Он говорит это легко. Но я вижу, как настороженно он за мной наблюдает. Чего он боится, глупыш? Что мне не понравится? Так… Говоря откровенно, с ним мне и в нашей старой квартирке – рай. Просто несколько неудобный. Заглядываю в кухню, в спальню, в ванную. Представляю здесь нас. Я варю кофе, Ками лепит из пластилина за столом очередной «шедевр». Адам возвращается из офиса, обнимает меня сзади. Я улыбаюсь. И это так… реально.
– Ну как? – спрашивает он. Я не знаю, как передать словами всё, что во мне кипит. Меня душат эмоции. А там, где казалось, все умерло, расцветают пышным цветом сады.
– Мне нравится.
– Значит, решено. Берем. Завтра перевезем ваши вещи.
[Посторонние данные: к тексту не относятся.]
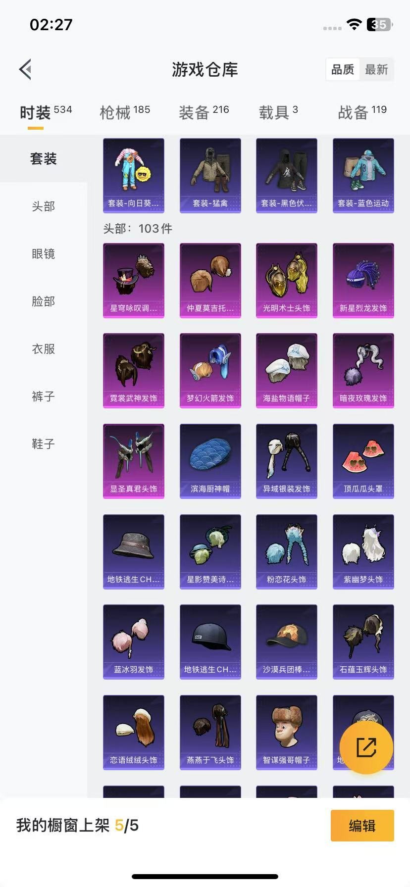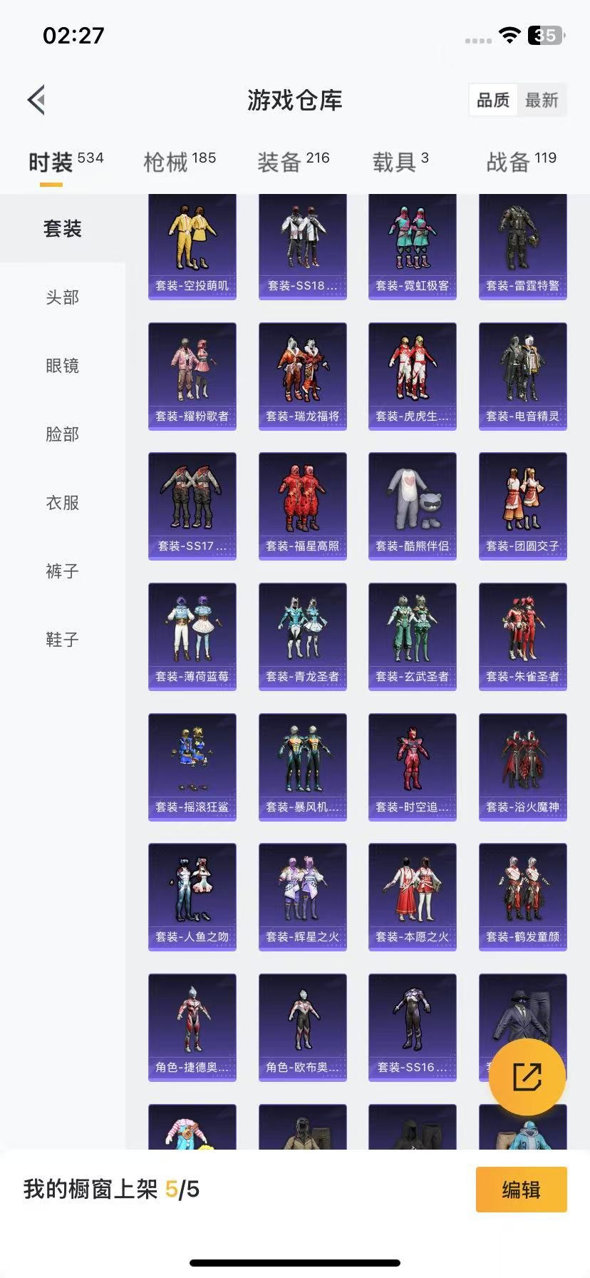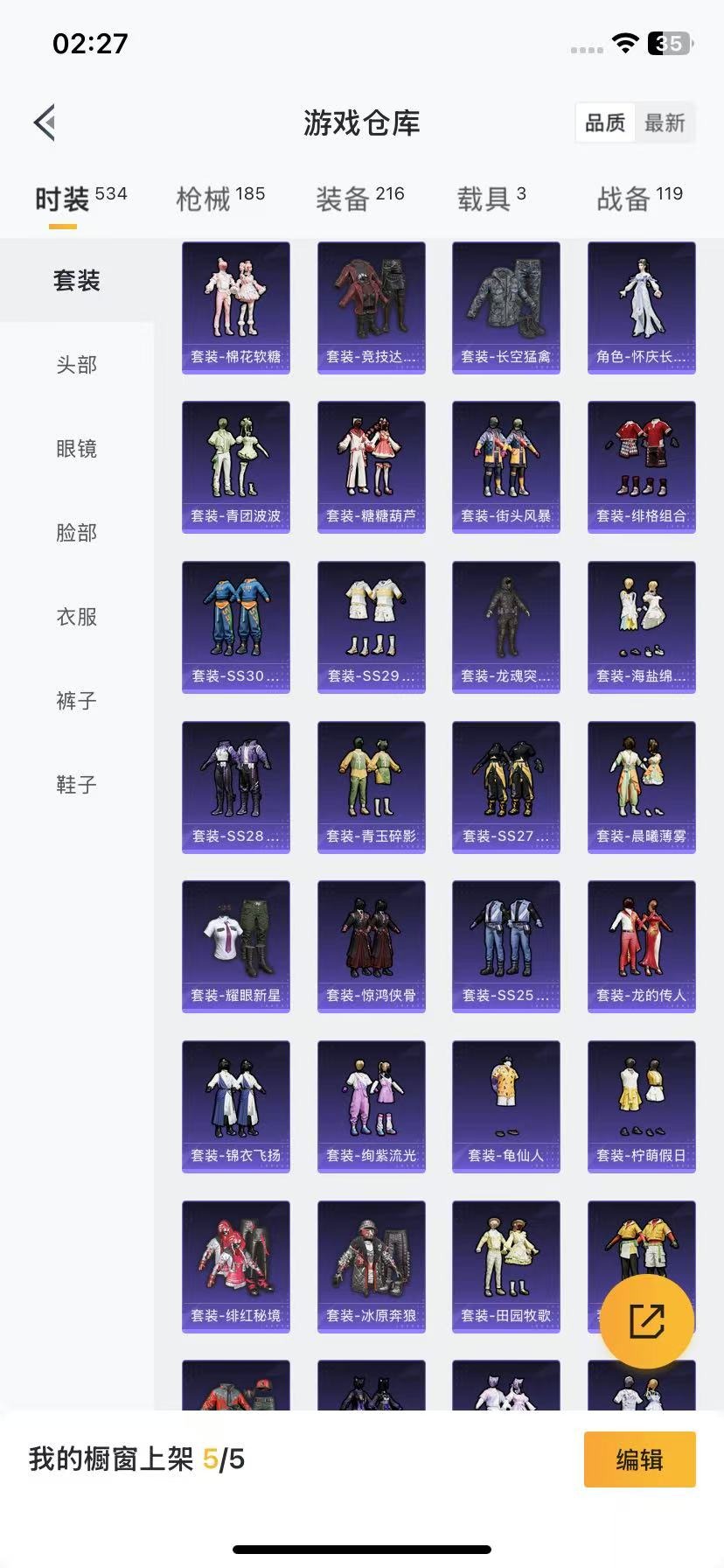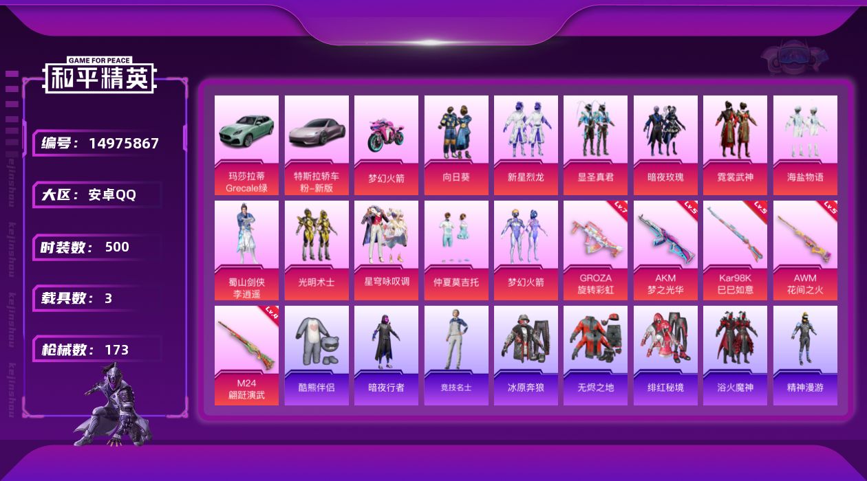 10粉装 5特效枪 3载具 7印记 可二次 可修改实名 时装数:500 枪械数:173 战备数:3
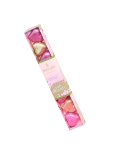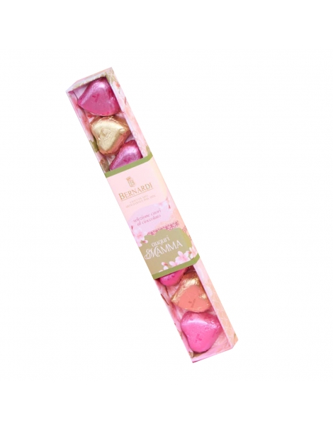 All’interno della confezione sono custoditi deliziosi cioccolatini a forma di cuore, avvolti in stagnole eleganti color oro e rosa. Ogni cuore racchiude tutto il gusto del cioccolato cremoso e avvolgente, pensato per regalare un momento di dolcezza a una persona speciale.
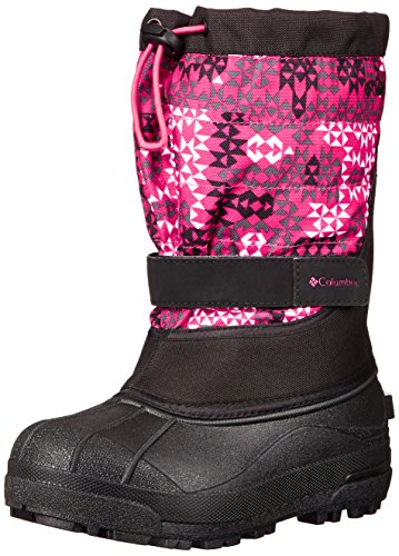 Columbia Youth Powderbug Plus Print Winter Boot (Little Kid/Big Kid), Black/Bright Rose, 2 M US Little Kid
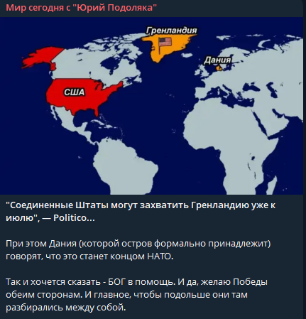 Премьер-министр Дании Метте Фредериксен предрекла конец НАТО, если США попытаются захватить Гренландию. Подоляка объяснил, как это будет – "Главное, чтобы подольше".
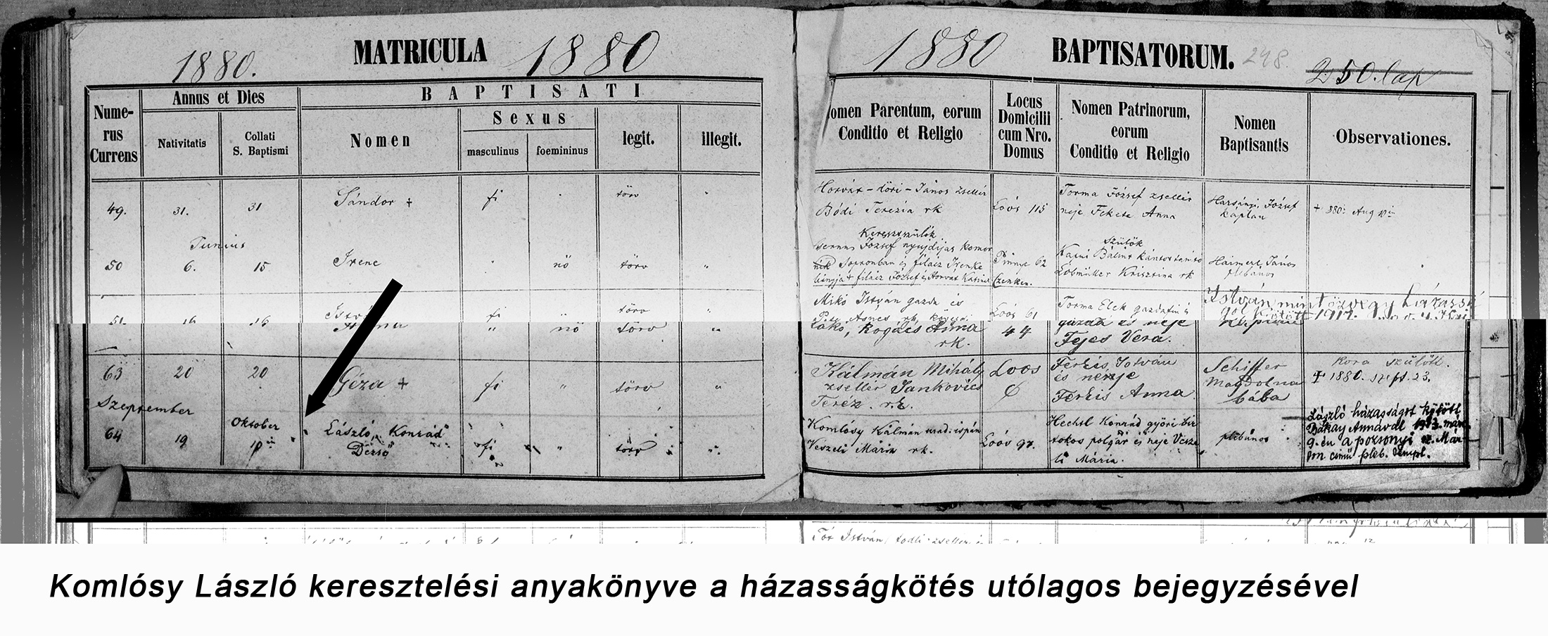 Komlósy László keresztelési anyakönyve1880-10-19Komlósy László 1880 M004
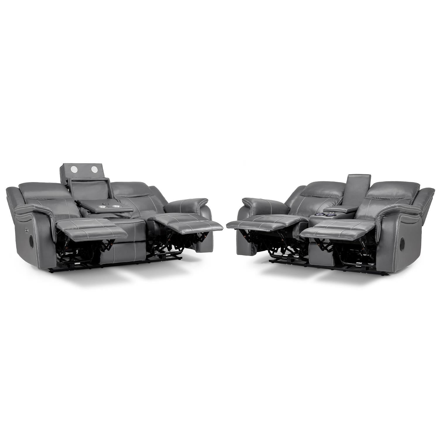 Power Recline with Clear Functionality – Smooth electric recline on both sofas; on the 3 seater, the two end seats recline while the middle seat remains fixed.
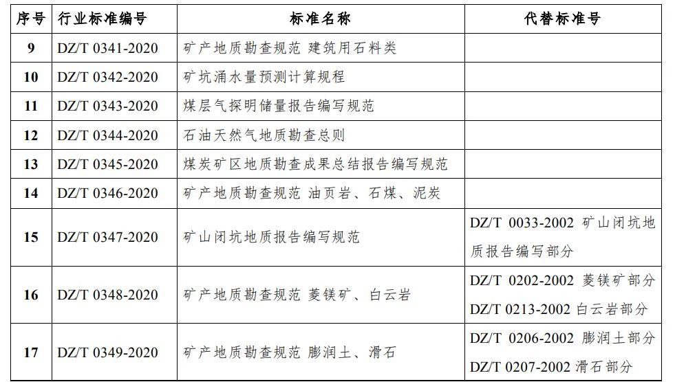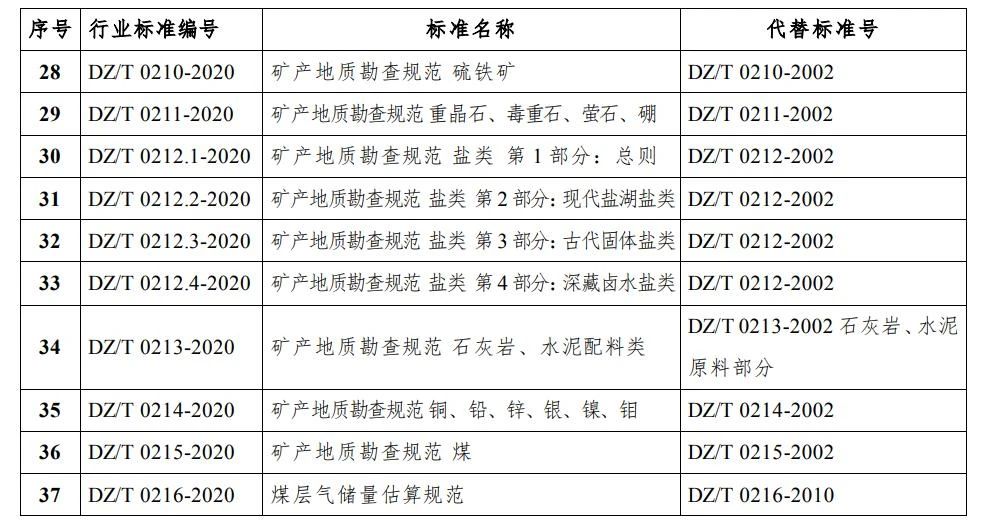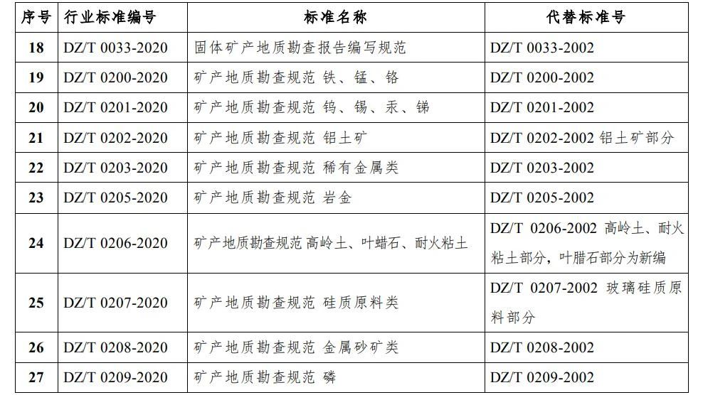 自然資源部發布《固體礦產勘查概略研究規范》等46項行業標準的公告
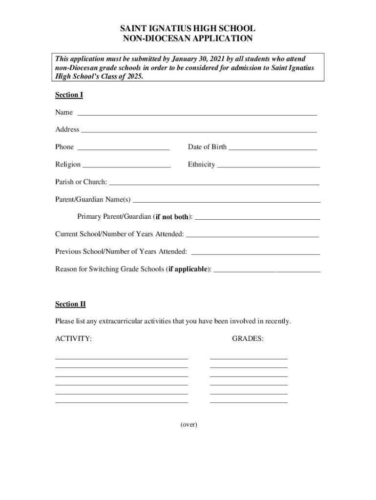 SAINT IGNATIUS HIGH SCHOOL NONDIOCESAN APPLICATION This application must be submitted by January 30, 2021 by all students who attend nonDiocesan grade schools in order to be considered for admission
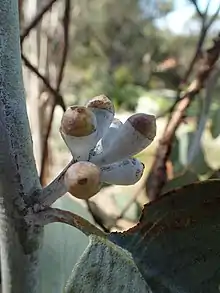 • Eucalyptus georgei subsp. fulgida Brooker & Hopper[8][9] differs from subspecies georgei in having shiny green, non-glaucous leaves and smaller, shorter fruits;
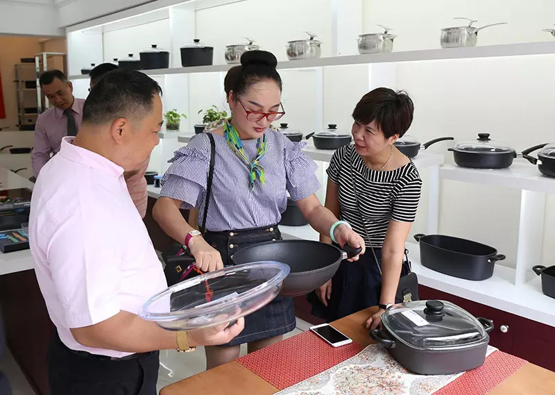斯尼次拉.迈可先生向到场嘉宾介绍家族企业产品SKK锅具的使用方法
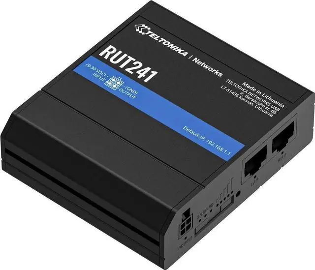 Teltonika RUT241098000 Model RUT241 Industrial Cellular Router; 4G and 3G Connectivity; For use in North America; Compatible with Verizon, AT&T, and T-Mobile; WAN Failover with Auto Switching
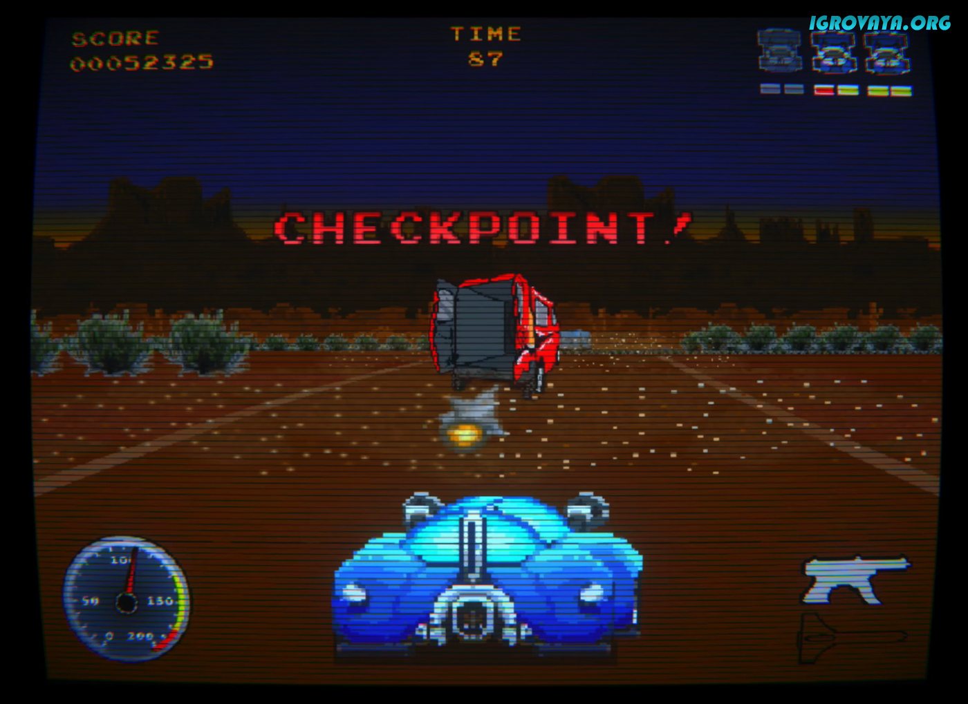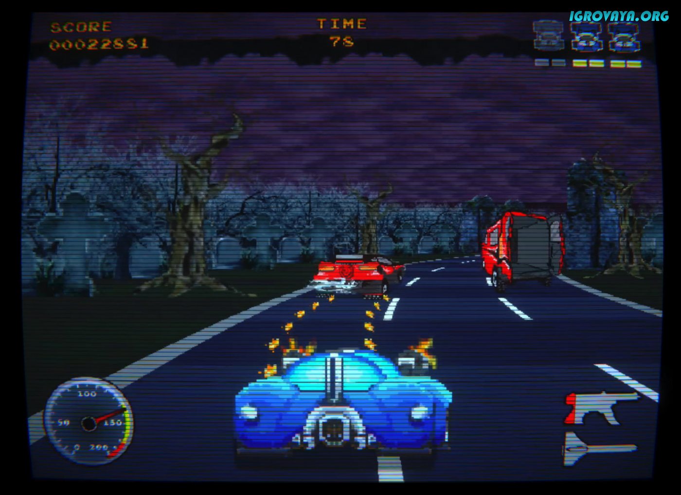Подумали, что это очередная стилизованная под ретро игра? Как бы не так, ведь разработчики Night Jackal постарались создать свой продукт на базе старого движка вместе с этим корректируя то же соотношение сторон к 4:3 для большей аутентичности. Кроме того стоит отметить реалистичную физику, которая подарит незабываемые эмоции во время самих соревнованиях. Кроме того, что вам придется обгонять соперников, вы также будете использовать оружие для уничтожения противников.
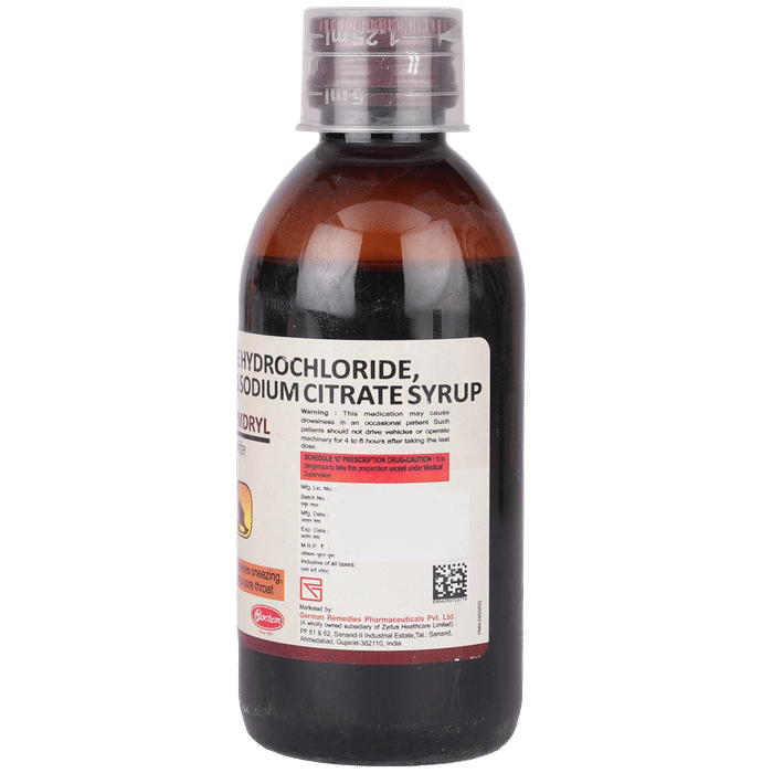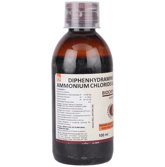 Biochemdryl Syrup is a combination medicine used to treat cough. It thins mucus in the nose, windpipe and lungs, making it easier to cough out. It also provides relief from runny nose, watery eyes and throat irritation. Biochemdryl Syrup is taken with or without food in a dose and duration as advised by the doctor. The dose you are given will depend on your condition and how you respond to the medicine. You should keep taking this medicine for as long as your doctor recommends. If you stop treatment too early your symptoms may come back and your condition may worsen. Let your doctor know about all other medications you are taking as some may affect, or be affected by this medicine.The most common side effects are stomach pain, thickened respiratory tract secretions, allergic reaction, and coordination impaired. Most of these are temporary and usually resolve with time. Contact your doctor straight away if you are at all concerned about any of these side effects. This medicine may cause dizziness and sleepiness, so do not drive or do anything that requires mental focus until you know how this medicine affects you. Avoid drinking alcohol while taking this medicine as it can make dizziness worse.Never support self-medication or recommend your medicine to another person. It is beneficial to have plenty of fluids while taking this medication. Before you start taking this medicine it is important to inform your doctor if you are suffering from liver or kidney disease.
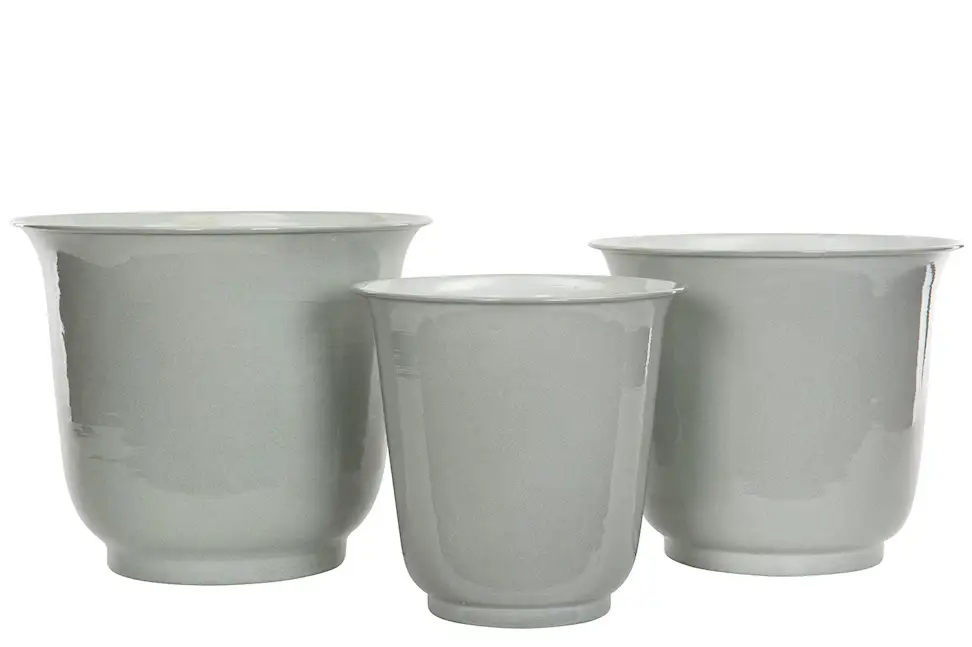 Ställ fram växter och vackra blommor i detta set med tre emaljerade krukor. Tillverkade i metall. Finns i flera färger.
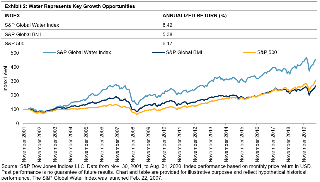 Over a long-term investment horizon, the S&P Global Water Index performed better than the broad-based global equity benchmark, the S&P Global BMI, by 3.04% per year since its inception on Nov. 30, 2001 (see Exhibit 2).

– Завтра рабочий день! – пугаюсь я.
– Ничего, уйдешь пораньше.
– И как ты это объяснишь Новикову? – дразню Адама, откидываясь в его руках.
– Я не обязан перед ним отчитываться, – хмыкает тот.
– Ну уж нет. Не хочу никаких поблажек. Не так уж у нас много вещей…
– Точно?
– Угу. Лучше скажи, что мне говорить родителям.
Адам настораживается.
– По поводу?
– Ну… У них наверняка возникнут вопросы.
– Скажешь, что подвернулся хороший вариант за нормальные деньги, – беспечно пожимает плечами Адам, поворачиваясь к двери. А у меня внутри все обрывается.
Глава 16
Лейла
То есть он не хочет, чтобы мои родители о нас узнали? Я реально будто получаю удар под дых. Неожиданный, исподтишка… Смотрю на отвернувшегося Адама во все глаза. И вся уверенность в нем, в нас, в завтрашнем дне тает, будто ее и не было.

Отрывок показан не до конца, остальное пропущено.